"Je suis la résurrection et la vie" - Jean 11, 25
A entendre les scies publicitaires de Carrefour et de Casino à la radio, les gigots d'agneaux de Pâques sont arrivés dans leurs boucheries ! Les abattoirs fonctionnent au maximum de leurs capacités un mois avant la fête : noria de camions sur les routes transportant des bébés animaux aux abattoirs, heures supplémentaires pour le personnel abatteur. On prépare Pâques chez les catholiques. Chaque fête religieuse a son animal ou ses animaux dédiés, ça varie les plaisirs de table : massacre de chapons, oies, dindes à Noël, d'agneaux de quelques semaines à Pâques ; le Cifog essaie même de vous vendre du foie gras, histoire de se sortir du créneau étroit des fêtes de fin d'année et d'élargir la période de consommation d'un produit qui n'est même plus dans la "distinction sociale" (Bourdieu), ni dans le luxe, puisqu'on le trouve chez les hard discounters. Pour le plus grand malheur des canards. L'Aïd el kebir (fête du mouton !) se solde par une hécatombe de moutons chez les musulmans. Pour les juifs je ne sais pas, leur dieu n'étant, au moins, pas un dieu d'amour. Mais la Torah est un catalogue d'interdits alimentaires et de prescriptions sur la façon d'abattre et consommer les animaux et leurs sous-produits. Se nourrir chez les humains : cette construction sociale réglée par Dieu himself !
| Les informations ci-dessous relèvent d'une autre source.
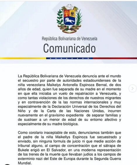 En un comunicado, difundido por el canciller de la República, Yván Gil, se afirmó que la pequeña debió ser separada en una clara acción de violencia extrema que es absolutamente inaceptable e impensable bien entrado el siglo XXI”.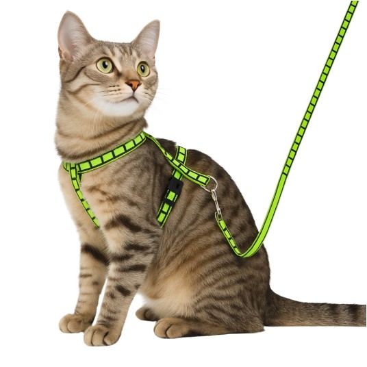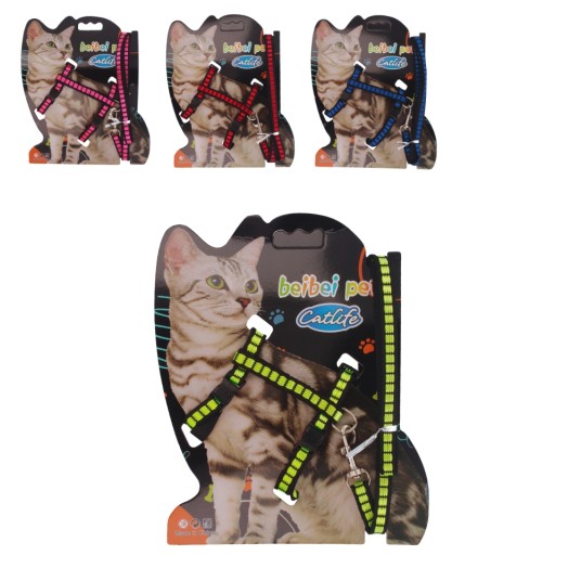 Smycz z obroża dla kota wzór odblask wym.1x120cm

Une couverture de Beef Magazine, édition US, l'affirme : "Les plus belles œuvres de Dieu ont toujours été faites avec des côtes", allusion fine à la version biblique de la création d’Ève, tirée de la côte d'Adam, comme si les êtres humains ne sortaient pas tous du ventre d'une femme. Encore une inversion patriarcale, ce sont les hommes mâles qui donneraient la vie, selon la Bible ! Vie qui ressemble diantrement à la mort en patriarcat.
Dans Le Royaume, Emmanuel Carrère écrit que les cultes anciens aux déesses primordiales étaient des cultes de plein air (il ne dit pas qu'on n'y faisait pas de sacrifices !), puis quand les dieux mâles ont remplacé les déesses, leur culte s'est déplacé dans des temples où on sacrifiait des animaux pour calmer leur colère. Oui, parce que les dieux mâles sont coléreux : Freud fait l'hypothèse que les déesses mères bienveillantes ont été destituées pour cause de faillite à protéger leurs enfants humains après quelques tremblements de terres, raz de marées, éruptions volcaniques qui tuaient pas mal de monde, il faut bien dire. Du coup, elles furent licenciées pour faute grave et remplacées par des mecs beaucoup plus compétents, mais de sale poil, qui veulent nous faire expier nos fautes. Jupiter représenté avec la foudre à la main et les sourcils froncés fait perpétuellement les gros yeux, un vrai père fouettard, et comme c'est lui le modèle étalon pour toute la suite... Mais revenons aux temples masculins d'Emmanuel Carrère : pour ne pas gâcher, et aussi pour payer les frais généraux, les grands prêtres vendaient ensuite la viande des animaux sacrifiés aux fidèles, ce qui fait que les temples aux dieux masculins étaient en fait de prospères boucheries. Et selon une contribution de Françoise d'Eaubonne dans Le féminisme ou la mort, le malheur des animaux vient aussi de Caïn, le doux agriculteur, et d'Abel l'éleveur. Abel, ce fayot, faisait des offrandes d'animaux sacrifiés à Dieu pour rester dans ses petits papiers, ce qui énervait Caïn qui le jalousait parce que, du coup, Dieu le préférait. Résultat de cette rivalité de gamins jaloux : Caïn tue Abel et jette l'opprobre sur toute sa descendance d'agriculteurs. Abel victimisé, les éleveurs sacrificateurs avaient gagné : malheur aux animaux. C'est écrit dans la Bible, on ne peut pas lutter.
Du coup, CHARAL a le monopole du cœur. Pour l'éternité.
Voilà comment sont nées les boucheries patriarcales.
Joyeuses Pâques quand même, sans violence, si possible.